§ **Requirement**
In the entries below, find the line with "しみず在住ヘンテコまぐろ「つ" and the line with "Terraced homes: Down"; reproduce those two lines and all lines between them exactly, without pictures.

§ **Supplied records**
------------------------------------

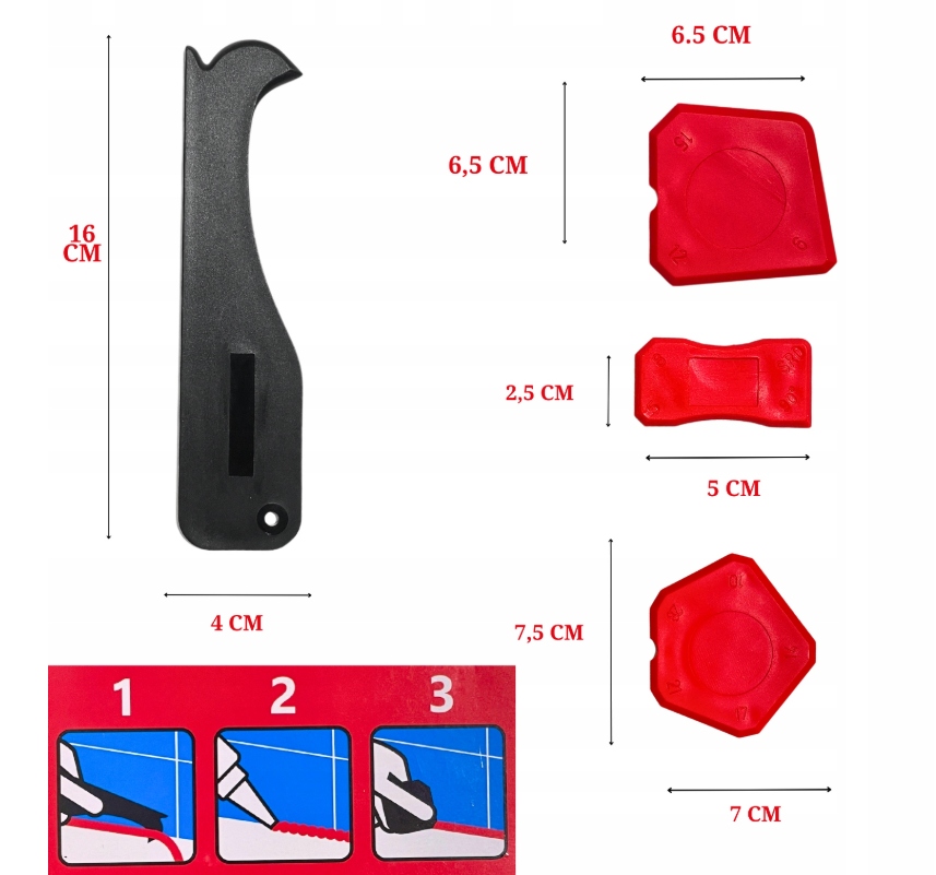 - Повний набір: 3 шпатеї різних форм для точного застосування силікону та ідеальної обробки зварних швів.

------------------------------------

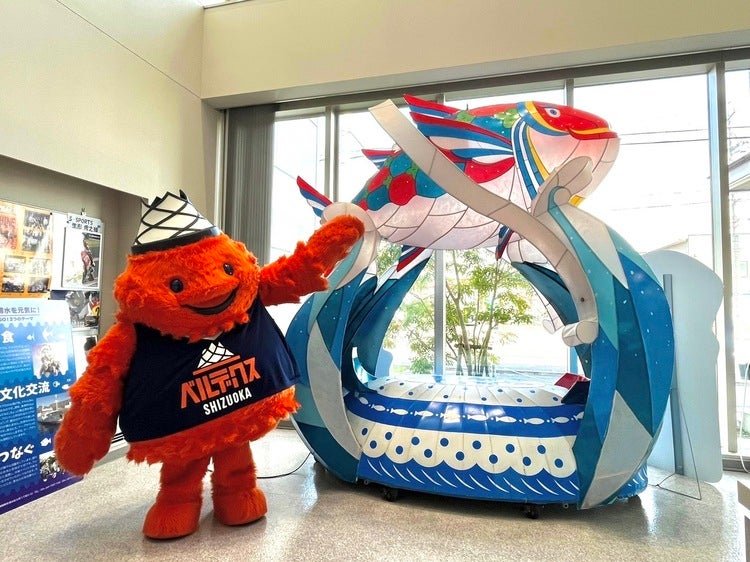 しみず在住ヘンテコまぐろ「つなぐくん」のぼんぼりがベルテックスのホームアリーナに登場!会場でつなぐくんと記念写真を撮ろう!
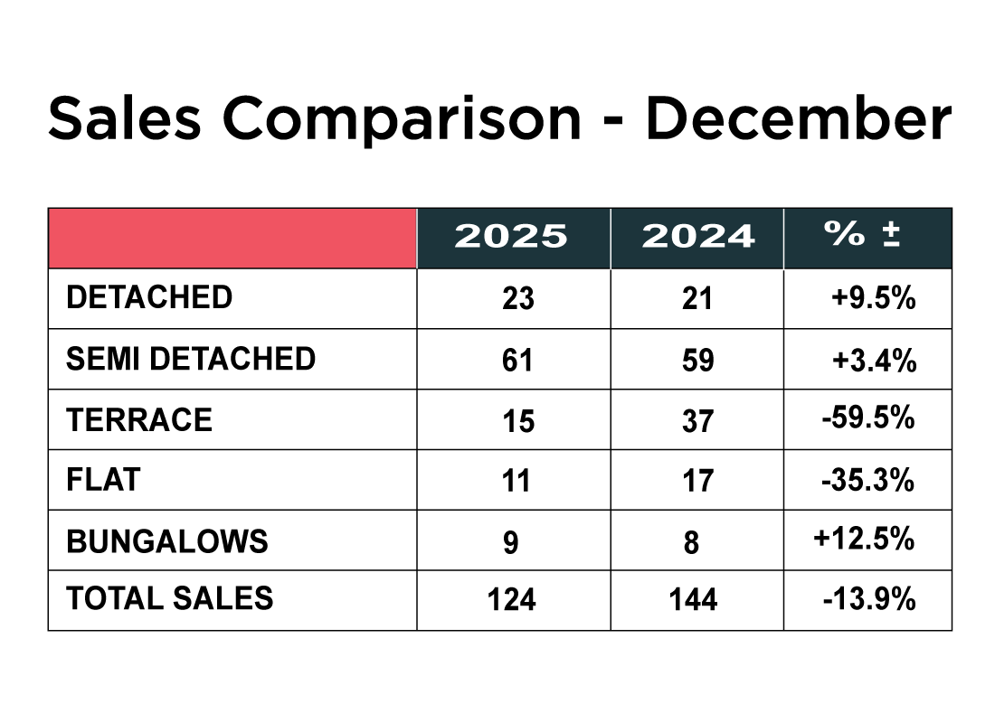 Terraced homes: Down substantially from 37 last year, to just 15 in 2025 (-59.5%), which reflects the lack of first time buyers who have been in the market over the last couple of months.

------------------------------------

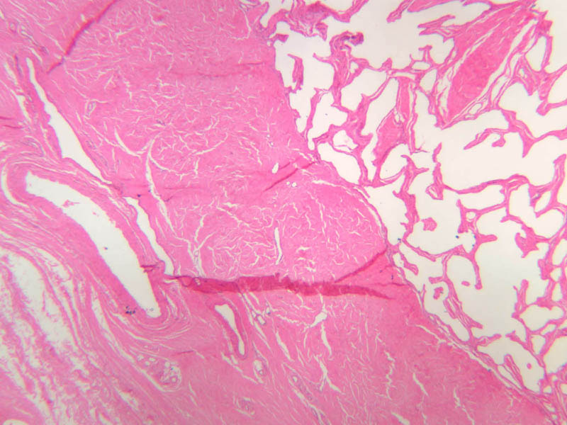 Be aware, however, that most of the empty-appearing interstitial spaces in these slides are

------------------------------------

§ **Solution to the exercise**
 しみず在住ヘンテコまぐろ「つなぐくん」のぼんぼりがベルテックスのホームアリーナに登場!会場でつなぐくんと記念写真を撮ろう!
 Terraced homes: Down substantially from 37 last year, to just 15 in 2025 (-59.5%), which reflects the lack of first time buyers who have been in the market over the last couple of months.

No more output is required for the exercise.